Overall, I found the claims were not strongly supported by the data. One flaw, that is impossible to correct with this dataset, is that the monkeys almost always wait. This means that the dataset does not permit a comparison of successful and unsuccessful trials of the same type. In addition, the analyses had other flaws (described in more detail in the public review and in the specific comments). I would advise the authors to read the series of papers by Murakami and Mainen (10.1038/nn.3826; j.neuron.2017.04.040) as examples of how to improve their visualizations and analyses.
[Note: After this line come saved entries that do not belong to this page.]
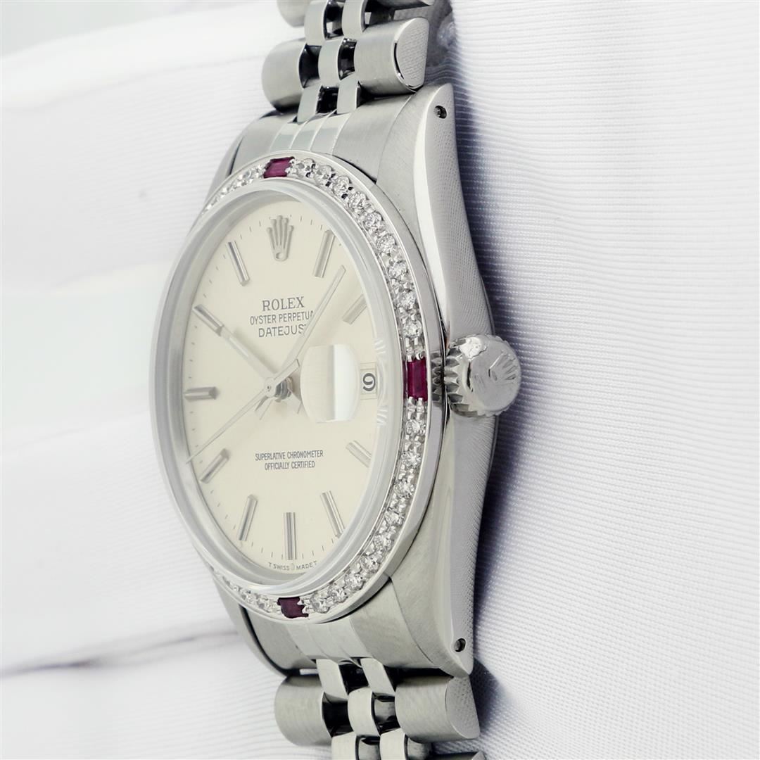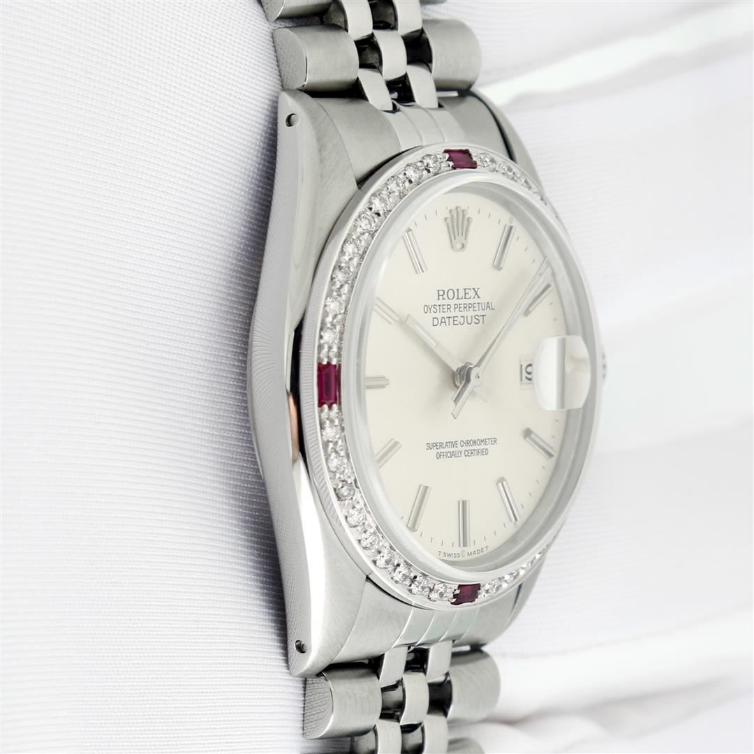 One Men's Rolex Datejust Polished Bright with Satin Finish, This Watch Has Been Serviced & Electronically Tested, Rolex Stainless Steel Case: 36mm, Rolex Stainless Steel Crown, Custom Bezel: New 18K White Gold Ruby Beadset Diamond Bezel, Diamond + Gem Count: 36 Diamonds + 4 Rubies, Clarity: SI-VS, Color: G to H. Custom Crystal: New Sapphire with Date Window. Custom Hands: New Luminescent Hands. Rolex Movement: Automatic Winding Movement. Rolex Dial: Silver Index Dial. Date Window: 3 O'Clock Position Date Display, Quickset, Model: Datejust, Condition: G-6 Extra Fine. Rolex Bracelet: Stainless Steel Jubilee Band. Bracelet: 7.0 Inch Length, Adjustable. Standard Clasp, with Rolex Logo. This Pre Owned Watch Has Been Serviced Time Tested And Is In Excellent Condition It Is Free Of All Scratches And Dents.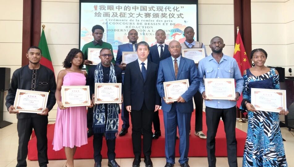 当地时间 11 月 11 日,中国驻喀麦隆大使馆举办 “我眼中的中国式现代化” 主题绘画及征文大赛颁奖仪式。徐永大使出席活动并为获奖者颁发证书。雅温得第二大学孔子学院学子表现突出,共11人获奖,体现了孔院中文教学与跨文化交流成果。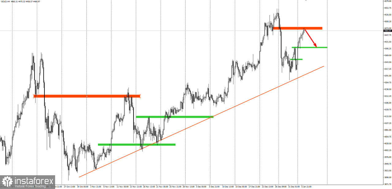 Риски ограничить 4548. Прибыль зафиксировать на пробое 4400.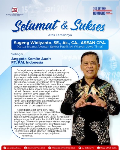 Sebagai seorang akuntan harus adaptif atas perubahan lingkungan kerjanya. Apalagi berprofesi sebagai akuntan di sektor pemerintahan/publik, sebagai auditor intern pemerintah. Untuk itu diperlukan sikap konsisten dalam maintanace kompetensi dan m...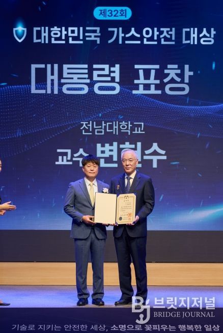 브릿지저널 김경미 기자 | 전남대학교 화공생명공학과 변헌수 교수가 산업통상자원부에서 주최하고 한국가스안전공사(사장 박경국)가 주관한 ‘제32회 대한민국 가스안전 대상’에서 대통령 표창의 영예를 안았다.
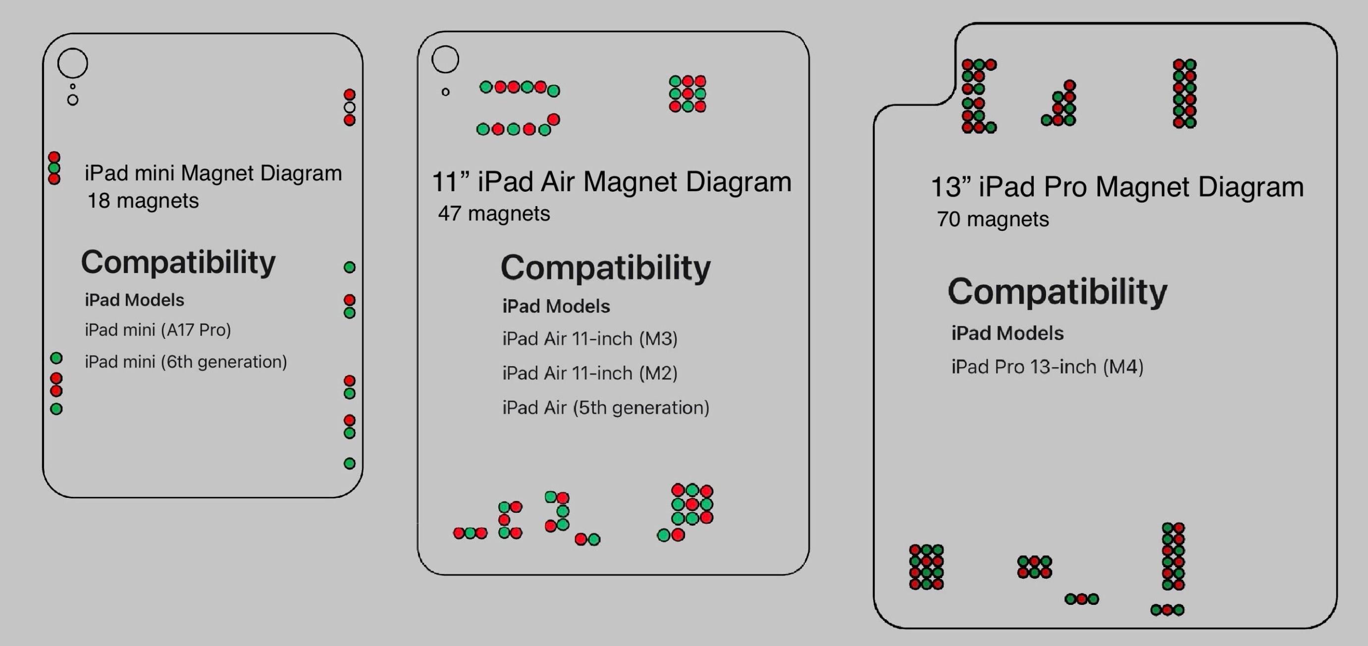 Graphic is based on the 11" Air but you can refer to the next photo for the magnet array of the iPad mini and 13" iPad Pro

Our main goal was not to investigate action timing in the STN. This question could be addressed in future research.

Specific Comments:

– Abstract: "such that the most posterior-placed neurons represented the temporal discounting of value most strongly" this is not clear to me. I think "temporally discounted" is more accurate.

We revised the text.

– The introduction could be improved. 'self-control' is overly broad. Waiting for a future reward is a very specific aspect of self-control (compared with other elements, e.g. the Barrett Impulsivity Scale) There is a massive literature on delay-discounting, and it is not all relevant. As the authors are aware, different tasks probe different dimensions of impulsivity. For example https://doi.org/10.1016/j.jaac.2009.12.018. I think the paper would be improved by a clearer statement of the specific aspects of "self-control" that the authors are addressing. For example, The ephys data was collected during a task that does not involve intertemporal choice. The subjects' only "choice" was to wait or not. Many studies of intertemporal choice "lock" the subjects in. Once the delayed option is chosen, the subject cannot change their mind. The neural mechanisms of this "locked-in" kind of intertemporal choice differ quite a bit from the mechanisms underlying "active waiting". The task described is even more strict than most – the subjects not only have to avoid making a specific action (e.g. pressing a button) but they have to suppress ALL action. This behavior seems to be quite far from the example they give – waiting in line at a bakery. While waiting in line, I can read a book, check email, etc.

Many studies have addressed the psychology of queuing in situations where alternative activities were not allowed. We believe that long wait times impose a cost that requires patience to overcome, even if alternative activities are allowed. In addition, if someone cannot wait more than 5 minutes in a queue without engaging in alternative activities (benefits), then that means that his patience is limited.

Interestingly, the authors did use a choice task during behavioral training – however, no data from this was shown.

In the Results section, there is a paragraph describing results obtained from this choice task (pgs. 7-8).

– p3l18: If the delay is known, the subjective value of the future reward should grow as the subject gets ‘closer’ in time to the reward.

We revised the text (pg. 3)

– Was the rejection rate predicted from the choice task behavior? i.e. what is the discount factor estimated by the choice task?

The choice task did not induce similar rejection rates. During this choice task, monkeys choose freely between two reward size or delay conditions. Decisions were made only in one dimension at a time (between 2 rewards or between 2 delays). In other words, the choice task did not require animals to integrate the two task parameters to make decisions. Hence, no discounting function could be calculated based on that task.

– Only analyzing rejection rates are insufficient. What is the distribution of wait times for each of the trial types? For example, if a monkey has a wait time distribution that only depended on reward size, then you would also see that the "rejection rate" was higher for the long delay.

– For the analysis in Figures 2 and 3, were only rewarded trials analyzed?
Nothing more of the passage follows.